§ **TASK INSTRUCTIONS**
Below is a listing; transcribe it exactly but without any images.

___ THE DATA ___

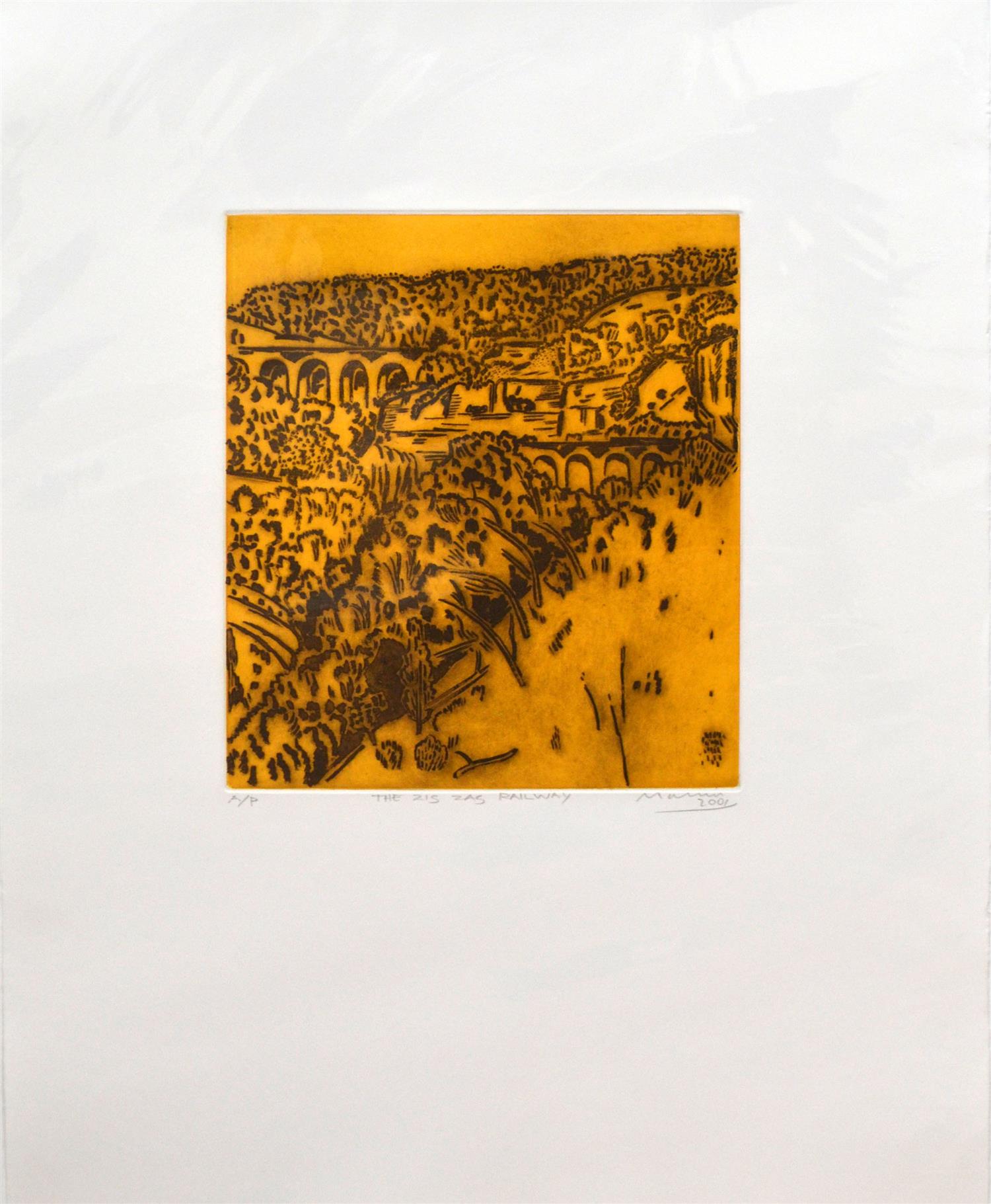 JEFF MAKIN, THE ZIG ZAG RAILWAY 2001, ETCHING A/P, 76 X 56CM (SHEET SIZE), CONDITION: VERY GOOD, UNFRAMED, HOWEVER BACKED AND WRAPPED IN PLASTIC FOR PROTECTION
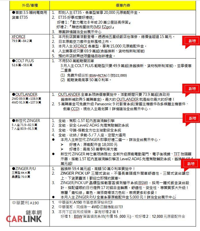 搭配進口配件上市,中華三菱自3/1起至3/31為止,於全台展示中心推出「解鎖 X 種無限可能」活動。消費者可透過中華三菱官方LINE進入線上互動遊戲(週週抽五星級住宿券活動: https://mitsubishi2026.webarfilter.com/ ),完成任務後至展示中心核銷參與抽獎。活動期間,週週抽出總價值逾15萬元之日月潭頂級飯店涵碧樓湖景客房住宿券,連續四週、每週抽出一位幸運得主,結果公布於中華三菱官方網站。完成試乘體驗亦可獲得限量黑沃咖啡禮盒,透過輕鬆的互動方式,讓賞車增加更多的有趣體驗,讓進店賞車的消費者,有機會將尊榮假期一併帶回家,活動不只強化消費者的進店體驗,更鼓勵實際坐進駕駛座,感受XFORCE的駕馭表現與車艙氛圍。
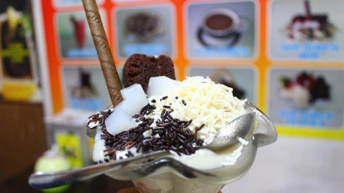 Sop durian sendiri diolah dari daging durian yang lezat, menjadi berbentuk cairan saus yang kental dan dipadukan dengan aneka toping kesukaan.

___

§ **TASK OUTPUT**
 JEFF MAKIN, THE ZIG ZAG RAILWAY 2001, ETCHING A/P, 76 X 56CM (SHEET SIZE), CONDITION: VERY GOOD, UNFRAMED, HOWEVER BACKED AND WRAPPED IN PLASTIC FOR PROTECTION
 搭配進口配件上市,中華三菱自3/1起至3/31為止,於全台展示中心推出「解鎖 X 種無限可能」活動。消費者可透過中華三菱官方LINE進入線上互動遊戲(週週抽五星級住宿券活動: https://mitsubishi2026.webarfilter.com/ ),完成任務後至展示中心核銷參與抽獎。活動期間,週週抽出總價值逾15萬元之日月潭頂級飯店涵碧樓湖景客房住宿券,連續四週、每週抽出一位幸運得主,結果公布於中華三菱官方網站。完成試乘體驗亦可獲得限量黑沃咖啡禮盒,透過輕鬆的互動方式,讓賞車增加更多的有趣體驗,讓進店賞車的消費者,有機會將尊榮假期一併帶回家,活動不只強化消費者的進店體驗,更鼓勵實際坐進駕駛座,感受XFORCE的駕馭表現與車艙氛圍。
 Sop durian sendiri diolah dari daging durian yang lezat, menjadi berbentuk cairan saus yang kental dan dipadukan dengan aneka toping kesukaan.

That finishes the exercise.